От него исходило ощущение незыблемости, как от гранитного монумента. Каждый жест, каждый поворот головы был выверен, экономичен, лишен суеты.
У генерал-лейтенанта было плотное, коренастое телосложение. Понятно — раньше, в молодости, этот человек имел атлетическое сложение. Но даже сейчас с возрастом он стал скорее солидным, чем тучным. Мощная шея, квадратные плечи под тканью пиджака, крупные кисти рук с короткими пальцами — руки человека, знавшего работу, но давно переложившего грубую силу на других.
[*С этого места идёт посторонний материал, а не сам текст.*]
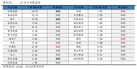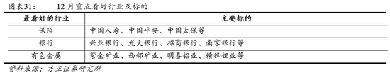 行业配置的主要思路:复苏延续,买入价值。11月上证综指呈现缓慢上行趋势,并且自9月以来首次站上3400点,其中,有色金属、钢铁、采掘、汽车、银行等顺周期板块领涨,医药、传媒、计算机等消费成长板块领跌。从经济环境、政策环境、以及估值性价比来看,市场风格已经由成长消费转向顺周期。从行业配置角度看,12月,国内经济与货币政策环境维持友好,指数在权重股带动下或将继续震荡冲高,市场仍存在结构性机会。首先,经济数据向好反映国内经济复苏动能延续,经济复苏逻辑下,周期行业业绩拐点叠加估值低位,价值风格行情有望延续。1-10月工业企业利润同比增长0.7%,前值-2.4%,年内首次转正,其中10月同比增速跃升至28.2%,经济数据维持向好态势,有助提振市场。其次,货币政策层面维持友好,短期或难有进一步收紧,流动性对A股估值的整体压制或将减弱,前期回调较深且政策影响行业中长期景气度上行的方向或存在配置机会。央行发布的《三季度货币政策执行报告》指出下一阶段既要保持流动性合理充裕,不让市场缺钱,又坚决不搞“大水漫灌”,不让市场的钱溢出来,整体保持相对稳定状态。我们认为,货币政策退出将是渐进式的,社融或在年内见顶,但短期内无风险利率难以进一步上行,这意味着A股结构性行情仍将继续。整体来看,复苏逻辑仍将是短期内市场主线,大金融板块有望拉升指数表现,中期关注十四五规划中受益行业。我们建议从两个维度择优布局,一是顺周期维度,包括耐用消费(汽车、家电等)、金融(银行、非银)、强周期品(有色、化工等)。二是新兴产业,偏科技成长属性,如5G、新能源汽车、数字经济。12月首选行业保险、银行、有色金属。

Лицо его казалось грубоватым. У него были крупные, тяжелые черты, квадратный подбородок и небольшие глаза. У рта и на лбу — глубокие морщины. Кожа казалась бледноватой, что называется — «кабинетной». Этот человек уже давно, много лет не бывал «в поле», и тем не менее по-прежнему излучал внутреннюю силу. Возможно, излучал ее даже активнее, чем раньше.
Морщины вокруг глаз были не просто следами возраста, а бороздами концентрации — привычкой вглядываться в суть вещей, в донесения, в лица подчиненных, выискивая ложь или слабость. Бледность не была болезненной — это был цвет власти, отшлифованной годами в кабинетах с приглушенным светом и плотными шторами.
Николаев носил седые тонковатые волосы, которые он зачесывал назад. Глаза его поблескивали холодной внимательностью и расчетливостью. Офицер уже давно не разменивался на эмоции. Он привык анализировать.
Его взгляд скользил по мне, по стенам камеры, по Давыдову и Арсеньеву, словно сканируя местность перед принятием стратегического решения. Ни тени сомнения, ни искры человечности — только холодный, безжалостный расчет.
И потому он казался мне самым опасным «противником» в этой камере. Если, конечно, он был противником. А это покажет только время.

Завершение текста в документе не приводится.